*PROBLEM*:
All lines below between the line with "Fast Charging Station: Multi" and the line with "栃木レザー エンドオンリースタッズベルト 黒", including both, must be copied exactly, and the pictures must be omitted.

*DATA PROVIDED*:
_ _ _ _ _

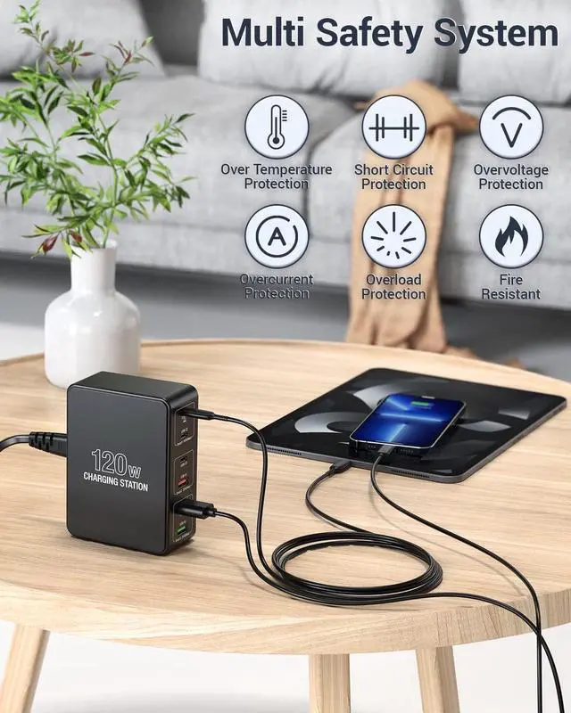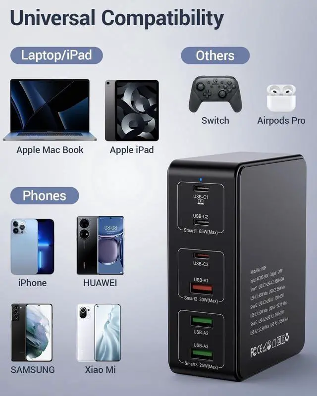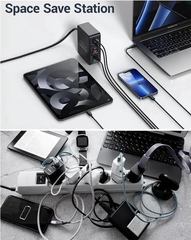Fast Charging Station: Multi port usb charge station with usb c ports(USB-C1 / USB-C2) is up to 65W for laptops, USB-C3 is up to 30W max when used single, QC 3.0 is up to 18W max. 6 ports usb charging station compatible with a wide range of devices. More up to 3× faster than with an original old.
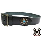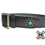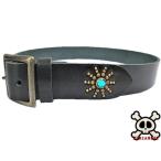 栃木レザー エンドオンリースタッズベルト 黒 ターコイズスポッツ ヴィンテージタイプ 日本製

_ _ _ _ _

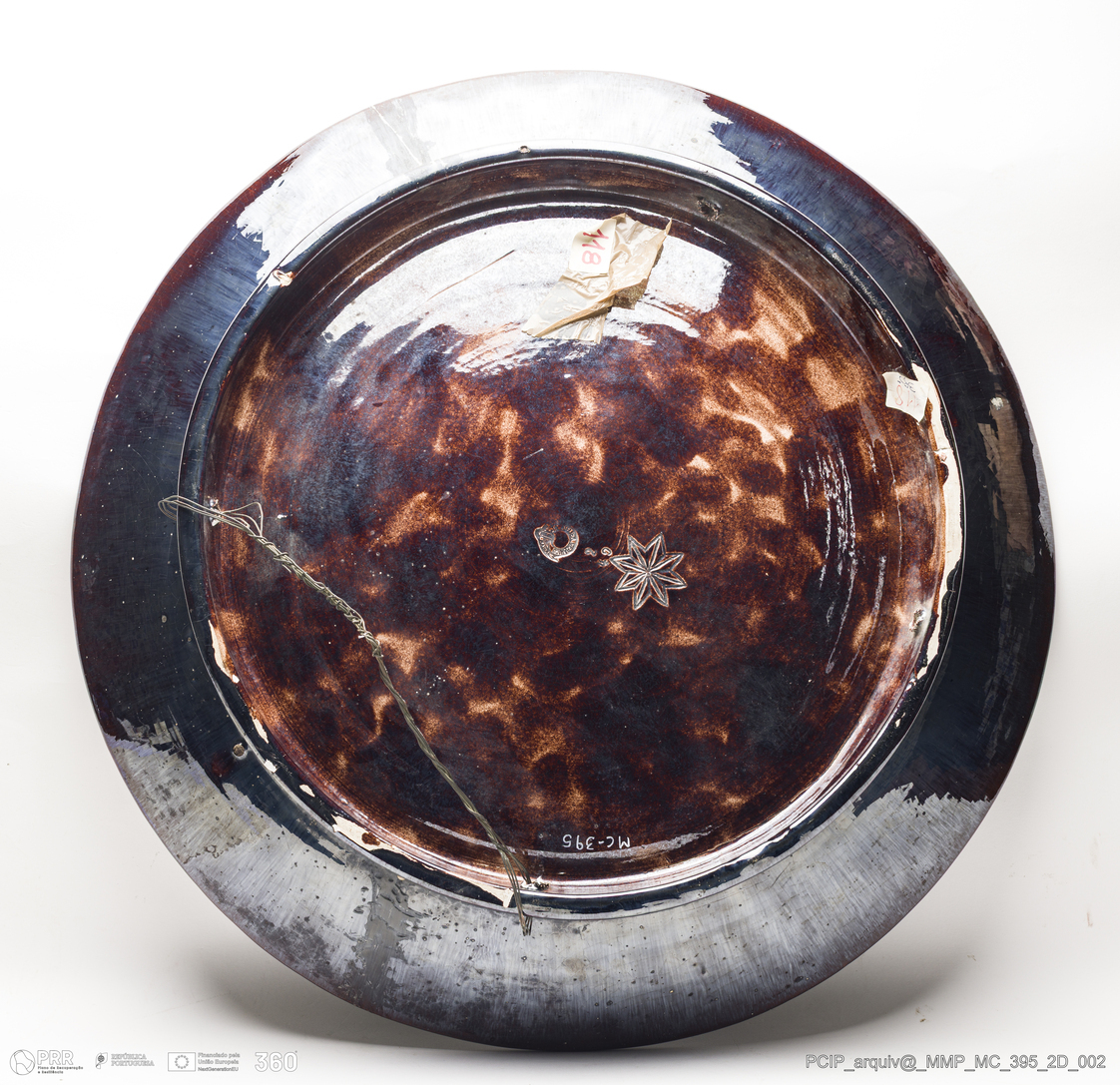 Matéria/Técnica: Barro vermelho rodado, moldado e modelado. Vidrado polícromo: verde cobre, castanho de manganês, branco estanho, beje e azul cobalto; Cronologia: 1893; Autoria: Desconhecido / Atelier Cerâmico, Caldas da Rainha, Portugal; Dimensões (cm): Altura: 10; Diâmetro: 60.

_ _ _ _ _

*SOLUTION FOR THIS TASK*:
Fast Charging Station: Multi port usb charge station with usb c ports(USB-C1 / USB-C2) is up to 65W for laptops, USB-C3 is up to 30W max when used single, QC 3.0 is up to 18W max. 6 ports usb charging station compatible with a wide range of devices. More up to 3× faster than with an original old.
 栃木レザー エンドオンリースタッズベルト 黒 ターコイズスポッツ ヴィンテージタイプ 日本製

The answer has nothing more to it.